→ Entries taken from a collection

=======

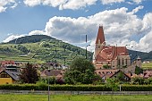 View over the River Danube and the village and church of Unterloiben to the Loib...
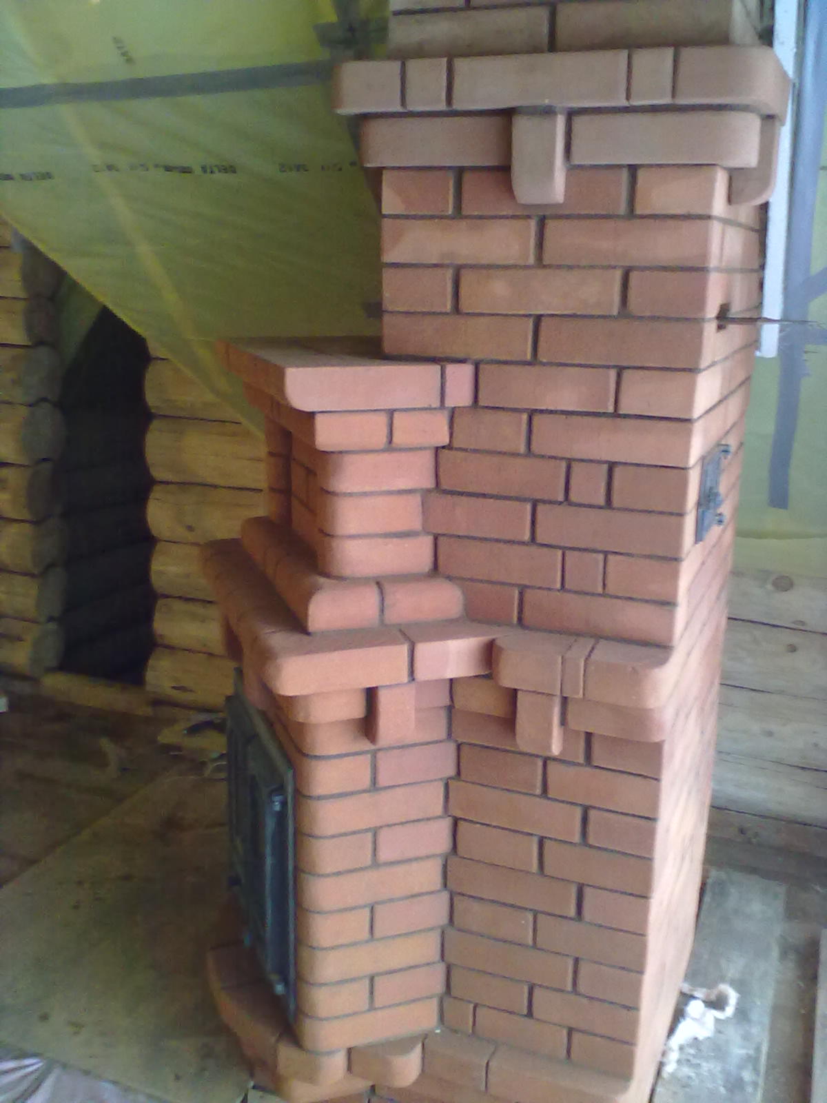 Небольшой угловой фундамент и размещение потолочных балок не дали выполнить камин по привычной схеме, поэтому на Ваш суд вот такой камин |
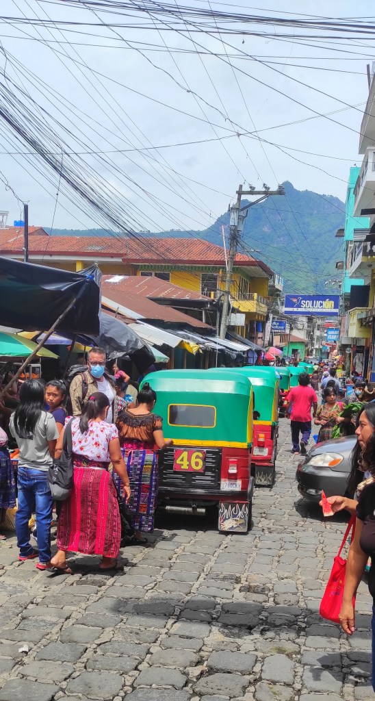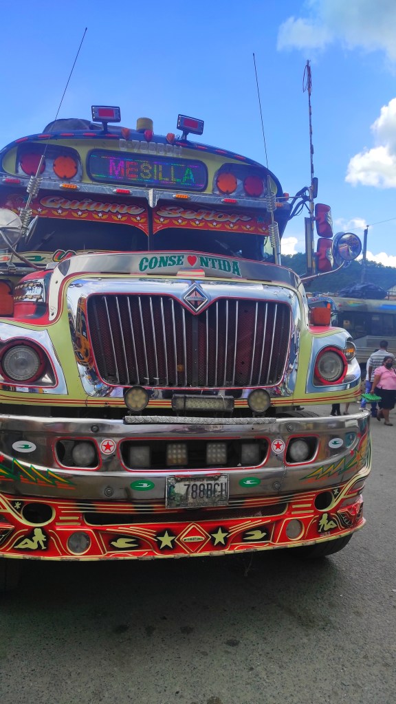 La Mesia. Notre première frontière terrestre traversée depuis le début de notre périple. Nous aurions aimé en traverser davantage mais le COVID ayant fermé la plupart des frontières terrestres nous avons été contraints de privilégier les voies aériennes. De sa rue principale, notre première ville guatémaltèque ressemble surtout à un grand marché où seuls les tuk-tuks circulent. A peine munis de Quetzales, nous en chopons un pour rejoindre la gare routière à quelques mètres de là… le temps d’observer cette nouvelle monnaie qui porte le même nom que l’oiseau symbole national du Guatemala. Les longues plumes turquoise de sa queue étaient en fait utilisés par les mayas comme monnaie ! Finalement, on nous arrête en plein milieu de la route pour nous faire monter dans un immense bus bariolé. C’est ce qu’on appelle en Amérique centrale, un Chicken Bus. Il s’agit en réalité d’anciens autobus scolaires nord-américains quelques peu améliorés : couleurs vives, klaxons aux mélodies exubérantes, leds, sono, stickers, statuts de Jésus et autres grigris. On les appellerait ainsi en raison des nombreux animaux que les passagers transporteraient dans ces bus… En ce qui nous concerne, nous n’avons pas vu à proprement parlé d’animaux mais nous avions davantage l’impression d’être nous-mêmes du bétail transporté. Le bus surchargé persiste à s’arrêter prendre de nouveaux passagers alors qu’il roule de plus en plus vite, n’hésitant pas à doubler dans les virages. Nous comprenons à présent pourquoi la protection divine est primordiale. Mais d’autres bus ne devaient pas avoir les amulettes nécessaires car au bout de plusieurs heures de route, nous nous retrouvons bloqués face à un accident qui vient tout juste de se produire entre un camion et un chicken bus. Les passagers sortent un à un de ce dernier, ensanglantés, alors que le chauffeur du camion semble être coincé dans son véhicule. Nous sommes tout de suite rassurés, il n’y a pas de mort, « juste » des blessés légers et des traumatisés. A l’arrivée des premiers secours, le chauffeur du camion trouve finalement le moyen de s’extraire avant de prendre la fuite en boitant. Personne ne le rattrape et nous quittons cette scène étrange pour rejoindre un autre itinéraire quelque peu bancal. Nous traversons alors des zones d’éboulements non sécurisées avant de passer une nuit-étape à Quetzaltenango.
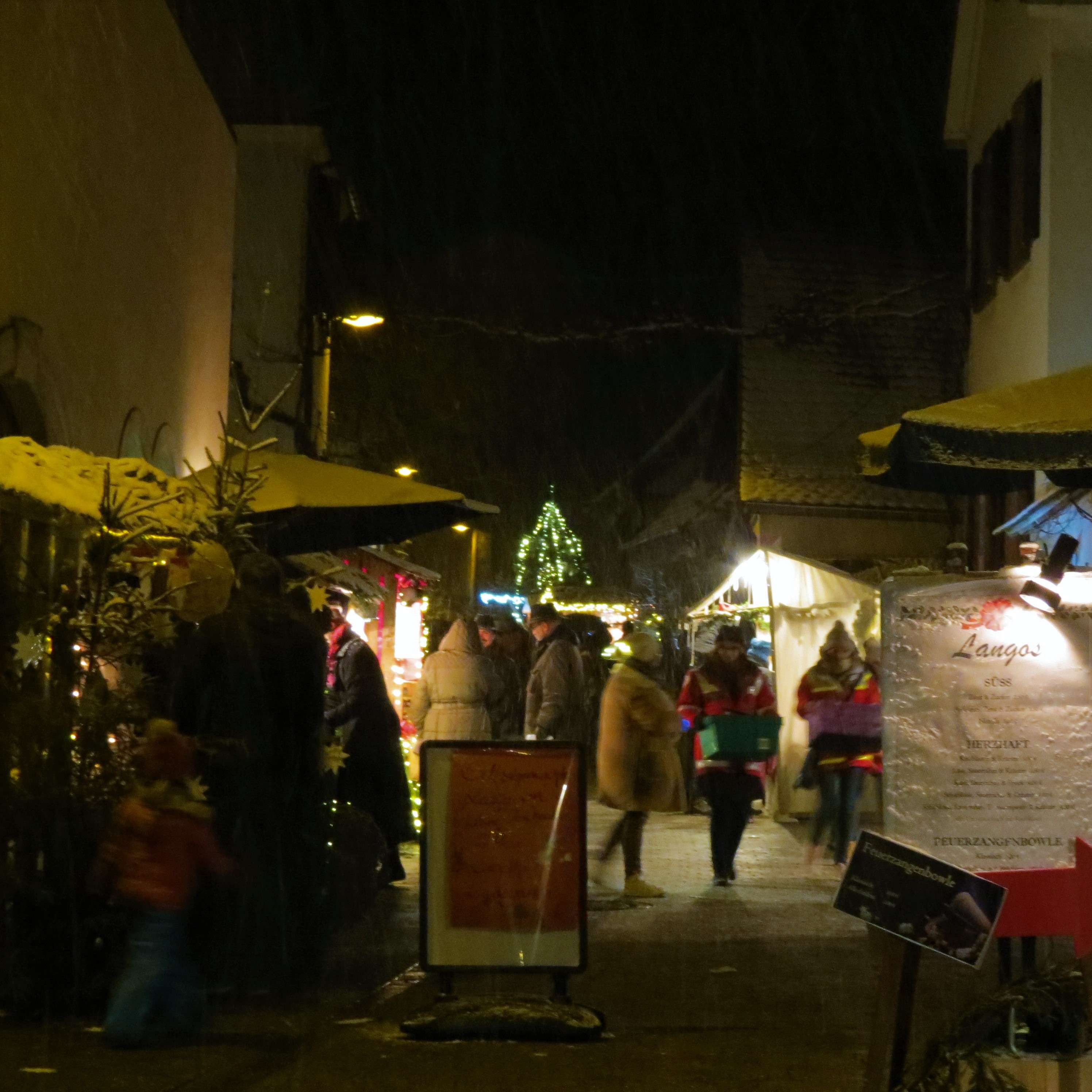 Am letzten – ziemlich verschneiten – Sonntag ging es über weiße Straßen nach Bobenheim am Berg auf den Belzenickelmarkt. Wir waren erst abends unterwegs, aber bereits am frühen Nachmittag trifft hier normalerweise ein besonderer Gast ein: Der namensgebende Belzenickel streift durch den Ort – standesgemäß mit Mantel, Mütze, und Rute. Begleitet wird er von seinen Helfern, die Äpfel und Nüsse an die Kinder verteilen.
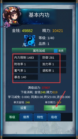 学习【基本内功】后,等级1能获得【内力限制-1483】之类的属性加成,升级需要消耗金钱和精力,满级时战力提升会很明显。
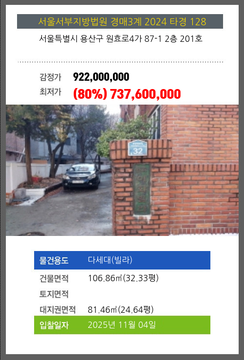 사건번호 2024 타경 128 본건은 서울특별시 용산구 원효로4가 87-1 2층 201호소재하는 다세대(빌라)경매 물건의 포스팅입니다. 건물면적 [ 106.86㎡ (32.33평) ]대지권 [ 81.46㎡ (24.64평) ] 시세를 반영한
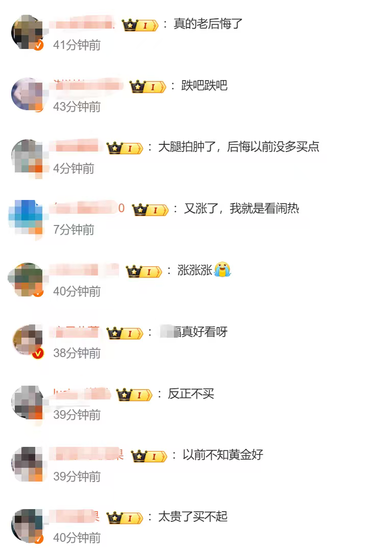 网友纷纷表示,“真的老后悔了”“以前不知黄金好”“太贵了买不起”。

=======

→ PROBLEM
Reproduce all of the data exactly, omitting each picture it holds.

→ ANSWER BOX
 View over the River Danube and the village and church of Unterloiben to the Loib...
 Небольшой угловой фундамент и размещение потолочных балок не дали выполнить камин по привычной схеме, поэтому на Ваш суд вот такой камин |
 La Mesia. Notre première frontière terrestre traversée depuis le début de notre périple. Nous aurions aimé en traverser davantage mais le COVID ayant fermé la plupart des frontières terrestres nous avons été contraints de privilégier les voies aériennes. De sa rue principale, notre première ville guatémaltèque ressemble surtout à un grand marché où seuls les tuk-tuks circulent. A peine munis de Quetzales, nous en chopons un pour rejoindre la gare routière à quelques mètres de là… le temps d’observer cette nouvelle monnaie qui porte le même nom que l’oiseau symbole national du Guatemala. Les longues plumes turquoise de sa queue étaient en fait utilisés par les mayas comme monnaie ! Finalement, on nous arrête en plein milieu de la route pour nous faire monter dans un immense bus bariolé. C’est ce qu’on appelle en Amérique centrale, un Chicken Bus. Il s’agit en réalité d’anciens autobus scolaires nord-américains quelques peu améliorés : couleurs vives, klaxons aux mélodies exubérantes, leds, sono, stickers, statuts de Jésus et autres grigris. On les appellerait ainsi en raison des nombreux animaux que les passagers transporteraient dans ces bus… En ce qui nous concerne, nous n’avons pas vu à proprement parlé d’animaux mais nous avions davantage l’impression d’être nous-mêmes du bétail transporté. Le bus surchargé persiste à s’arrêter prendre de nouveaux passagers alors qu’il roule de plus en plus vite, n’hésitant pas à doubler dans les virages. Nous comprenons à présent pourquoi la protection divine est primordiale. Mais d’autres bus ne devaient pas avoir les amulettes nécessaires car au bout de plusieurs heures de route, nous nous retrouvons bloqués face à un accident qui vient tout juste de se produire entre un camion et un chicken bus. Les passagers sortent un à un de ce dernier, ensanglantés, alors que le chauffeur du camion semble être coincé dans son véhicule. Nous sommes tout de suite rassurés, il n’y a pas de mort, « juste » des blessés légers et des traumatisés. A l’arrivée des premiers secours, le chauffeur du camion trouve finalement le moyen de s’extraire avant de prendre la fuite en boitant. Personne ne le rattrape et nous quittons cette scène étrange pour rejoindre un autre itinéraire quelque peu bancal. Nous traversons alors des zones d’éboulements non sécurisées avant de passer une nuit-étape à Quetzaltenango.
 Am letzten – ziemlich verschneiten – Sonntag ging es über weiße Straßen nach Bobenheim am Berg auf den Belzenickelmarkt. Wir waren erst abends unterwegs, aber bereits am frühen Nachmittag trifft hier normalerweise ein besonderer Gast ein: Der namensgebende Belzenickel streift durch den Ort – standesgemäß mit Mantel, Mütze, und Rute. Begleitet wird er von seinen Helfern, die Äpfel und Nüsse an die Kinder verteilen.
 学习【基本内功】后,等级1能获得【内力限制-1483】之类的属性加成,升级需要消耗金钱和精力,满级时战力提升会很明显。
 사건번호 2024 타경 128 본건은 서울특별시 용산구 원효로4가 87-1 2층 201호소재하는 다세대(빌라)경매 물건의 포스팅입니다. 건물면적 [ 106.86㎡ (32.33평) ]대지권 [ 81.46㎡ (24.64평) ] 시세를 반영한
 网友纷纷表示,“真的老后悔了”“以前不知黄金好”“太贵了买不起”。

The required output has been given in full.